We have been pounded, pulverised and blown up to smithereens over this Brexit thing haven’t we? But as ever: we will survive. No matter what happens, this is the U.K. and we can keep calm. Plus, whether we like it or not, it is happened. So here we are going to look for some positives in the post-vote environment before we begin the process of actually leaving the EU.
The low value of the British pound means more incoming EU, CN and US tourism. Our digital research shows us that searches for inbound flight and hotel bookings has increased by 500% since the referendum vote and subsequent fall in the £.
July saw the highest ever month for inbound tourism and the tourist £ spent in the UK reached £2.5bn – a 4% increase on last year according to Visit Britain.
Retail nationwide has increased by 1.4% since July 2016 and “UK will have 3.6% increase in tourism, 0.5% more than the world average of 3.1%” predicted by World Travel and Tourism Council (WTTC)
Investment demand in UK property is on the increase with David Adams, the head of John Taylor’s real-estate office in London, stating that he had made verbal agreements on £50 million ($68 million) in sales in the three days following the vote—more than the total since the beginning of the year.
Plus, within the city, external investment is on the increase as global equity and investment firms invest in UK business in an advantageous exchange market.
Economists for Brexit have stipulated that Brexit will be good for the economy as we can create independent tariffs which will make the U.K. more competitive outside the EU. This is something that we definitely should be taking advantage of.

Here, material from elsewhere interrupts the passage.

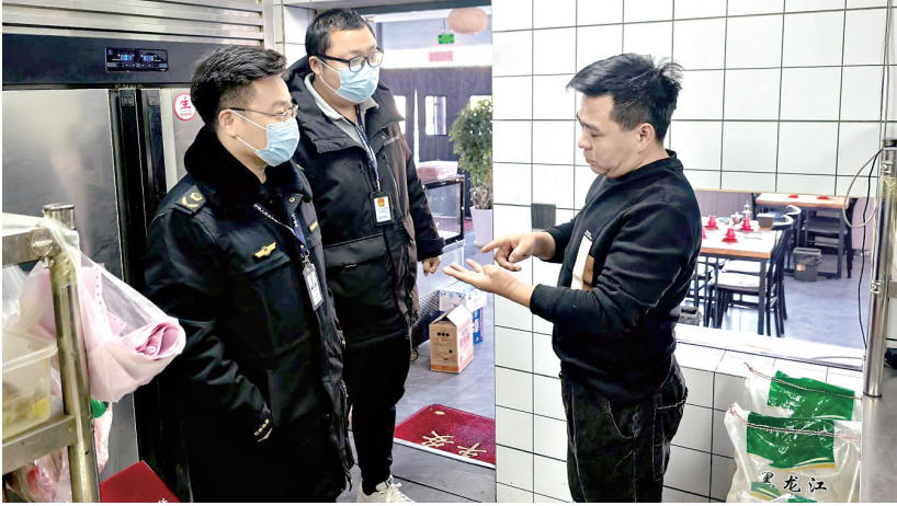
专项检查现场

本报讯（记者 王凤侠 通讯员 新洪杨）春节将至，为保障人民群众饮食安全，近日，市市场监管局示范区分局开展“守护年夜饭”食品安全专项检查行动，以强有力举措严守食品入口关，全力守护市民的新春“团圆味”。

However, not everybody is convinced. Tourism interest may be marred by a negative perception of the UK – particularly as the post-vote ‘legitimisation’ of race crime seems not to be abating.
Inbound property investment is likely to be in the buy-to-let market thus further inflating rents whilst stifling resident’s chances of getting on to the property ladder. See analysis in NewStatesman.
And will foreign trade advantages from global conglomerates be sustainable when regulatory policy changes as we extract ourselves from the EU? Nobody as yet knows…
Essentially Brexit dwarfs other concerns because of its size, speed and unpredictability. However many economists have predicted a 3% chance of getting into a recession, the lowest in the developing world.
So, whilst we have yet to fully understand the future impact of Brexit and the long-term consequences of it, the outlook is overall sentiment of the market is that it is going to be a big blow, but we will take it.